The authors acknowledge the Higher Education Commission of Pakistan for providing financial assistance for this project through the Inter­national Research Support Initiative Programe (IRSIP) and the Department of Chemistry, Quaid-i-Azam University Islamabad for providing research facilities.
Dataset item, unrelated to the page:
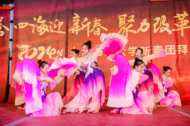 团拜会上,校东方老年艺术团、校学生舞蹈团及师生代表们分别演出了歌曲联唱《好运来》、舞蹈《如愿》《梦长安》《紫金流云》、音乐表演秀《锦绣中华》、三句半《喜迎2024》、合唱《这世界那么多人》《思念》等精彩节目。全体校领导与演员合唱《再回首》,现场温馨而浪漫。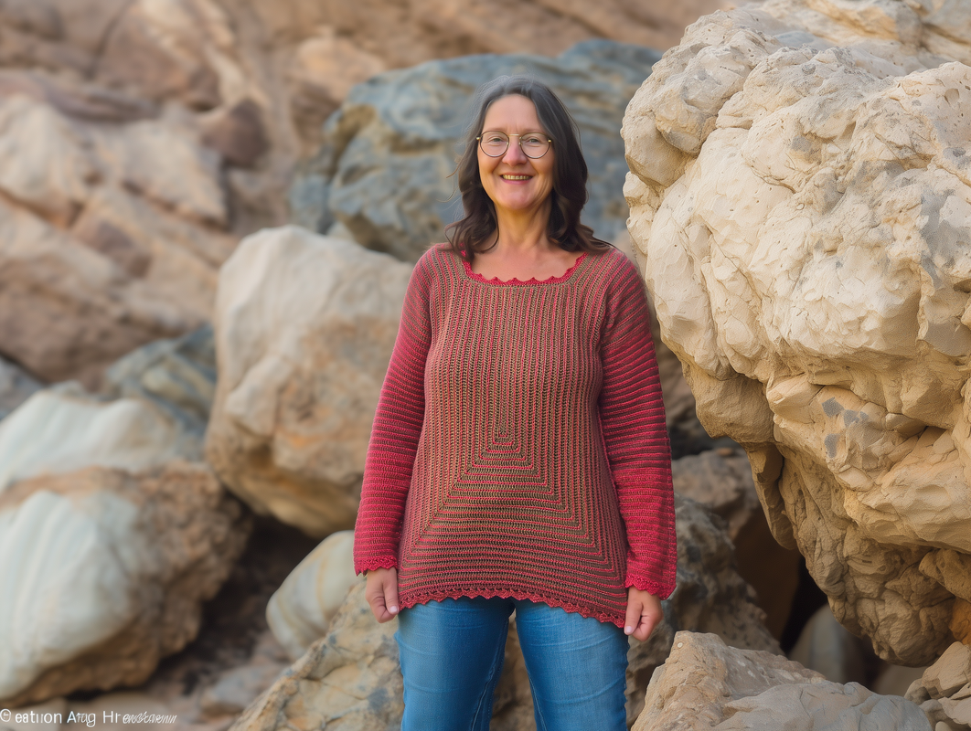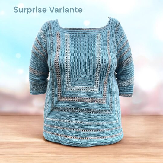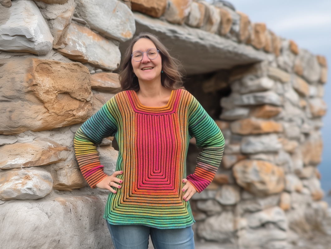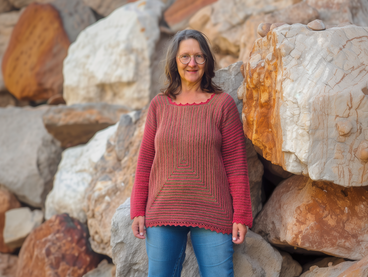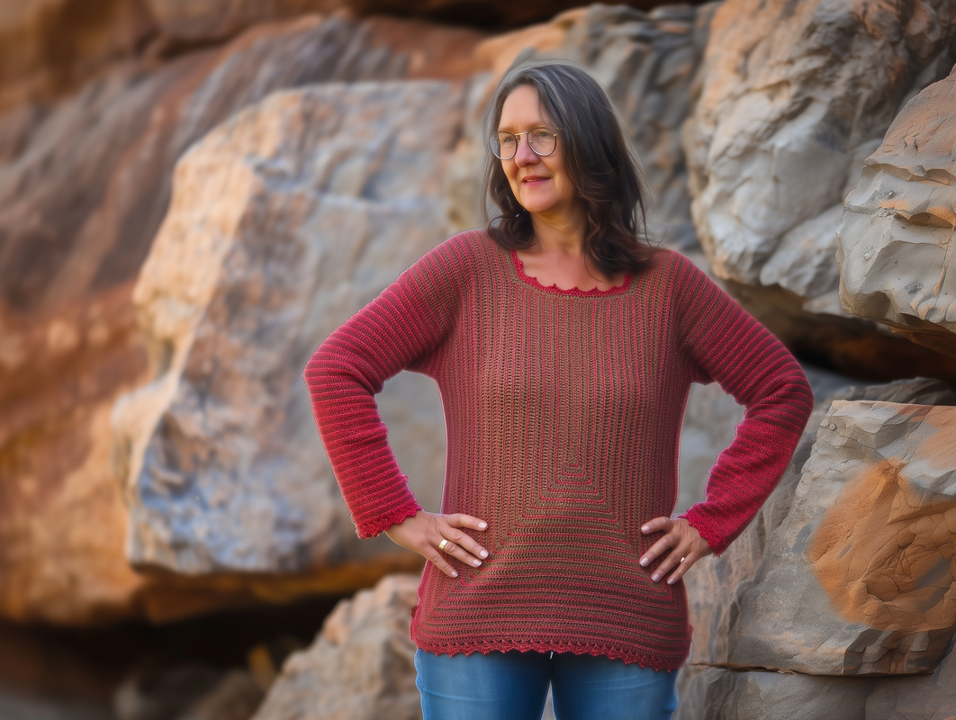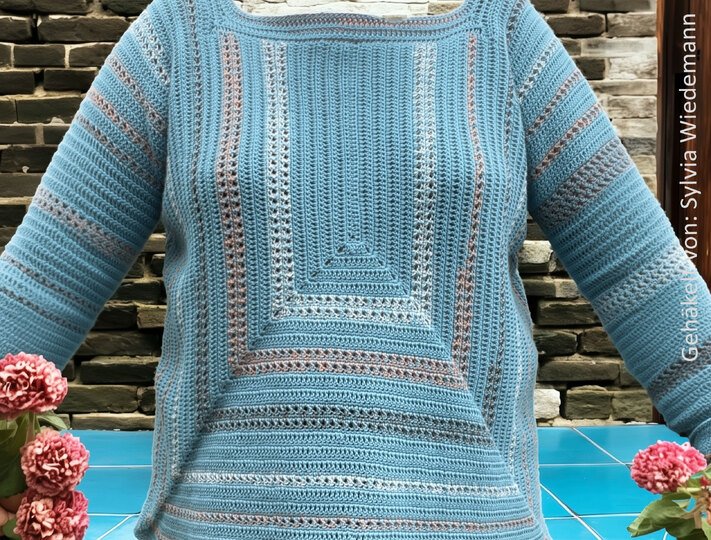 StrukturWunder ist ein anpassbarer Häkelpullover, der ausschließlich mit Stäbchen und festen Maschen gearbeitet wird.

supplementary crystallographic information

Comment

In the past decade, the demand for polyamide-imide (PAI) and other high-temperature resistant polymeric materials has grown progressively because of their outstanding mechanical properties, excellent thermal stability (Kawakami et al., 2003), etc. The title compound is a starting material for such types of materials.

Experimental

In this preparation reagent grade quality chemicals were used without their further purification. In a 100 ml, three necked, round bottomed flask, equipped with a condenser, a nitrogen gas inlet tube, a thermometer and a magnetic stirrer, of sulfanilamide (1.39 g, 0.0086 mole) in dry dichloromethane (20 ml) and a few drops of N,N-dimethylformamide(DMF) stirred at 273–278 K for 30 minutes and 3,5- dinitrobenzoylchloride (3.72 g, 0.0161 mol) in dichloromethane (30 ml) was added dropwise by dropping funnel and stirring was continued for further 1 h under the same conditions. The reaction mixture was then refluxed for 45 min. The flask content was cooled to room temperature, poured into water and let it stand for 24 h. The resulting dark brown precipitates were filtered, washed with hot water and 5% NaOH solution. Finally, the product was washed with hot water and dried under vacuum at 350 K. The crude product was recrystallized from N,N-dimethylformamide(DMF). Yield: 87%; m.p 460–462 K.

Refinement

Hydrogen atoms were clearly identified in difference syntheses, refined at idealized positions riding on the carbon or nitrogen atoms with C—H 0.95–0.98 Å, N—H 0.88 and 0.93 Å and with isotropic displacement parameters Uiso(H) = 1.2Ueq(C/N) or 1.5Ueq(methyl C). All methyl hydrogen atoms were allowed to rotate but not to tip.

Figures

Fig. 1.

Fig. 1.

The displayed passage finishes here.